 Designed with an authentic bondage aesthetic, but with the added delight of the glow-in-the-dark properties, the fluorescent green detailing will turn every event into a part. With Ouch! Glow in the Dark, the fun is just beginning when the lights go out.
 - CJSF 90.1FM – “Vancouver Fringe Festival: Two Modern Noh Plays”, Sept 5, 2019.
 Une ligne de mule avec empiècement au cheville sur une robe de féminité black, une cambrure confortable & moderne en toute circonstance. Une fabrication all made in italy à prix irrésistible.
▬▬▬
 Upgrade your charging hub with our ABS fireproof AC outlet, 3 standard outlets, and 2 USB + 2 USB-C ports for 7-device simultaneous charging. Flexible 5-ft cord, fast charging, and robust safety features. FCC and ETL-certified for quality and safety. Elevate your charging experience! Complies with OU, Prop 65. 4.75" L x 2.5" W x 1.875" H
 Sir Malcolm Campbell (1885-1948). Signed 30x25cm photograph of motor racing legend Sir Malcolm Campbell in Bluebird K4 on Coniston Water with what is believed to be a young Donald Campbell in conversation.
▬▬▬
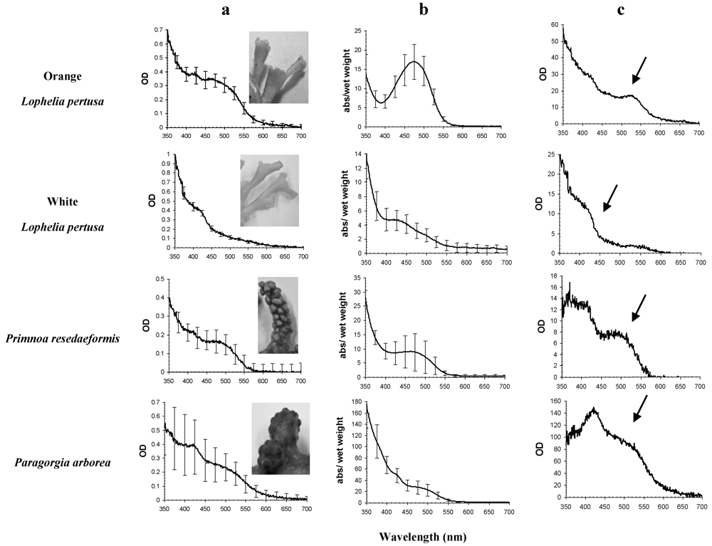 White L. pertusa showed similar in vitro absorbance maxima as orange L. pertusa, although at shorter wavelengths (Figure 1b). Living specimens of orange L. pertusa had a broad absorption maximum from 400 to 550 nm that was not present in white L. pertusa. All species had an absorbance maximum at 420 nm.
▬▬▬
• [Try it] Scanning the data above, copy out every line where "with" is found.

• [Expected answer]
 Designed with an authentic bondage aesthetic, but with the added delight of the glow-in-the-dark properties, the fluorescent green detailing will turn every event into a part. With Ouch! Glow in the Dark, the fun is just beginning when the lights go out.
 Upgrade your charging hub with our ABS fireproof AC outlet, 3 standard outlets, and 2 USB + 2 USB-C ports for 7-device simultaneous charging. Flexible 5-ft cord, fast charging, and robust safety features. FCC and ETL-certified for quality and safety. Elevate your charging experience! Complies with OU, Prop 65. 4.75" L x 2.5" W x 1.875" H
 Sir Malcolm Campbell (1885-1948). Signed 30x25cm photograph of motor racing legend Sir Malcolm Campbell in Bluebird K4 on Coniston Water with what is believed to be a young Donald Campbell in conversation.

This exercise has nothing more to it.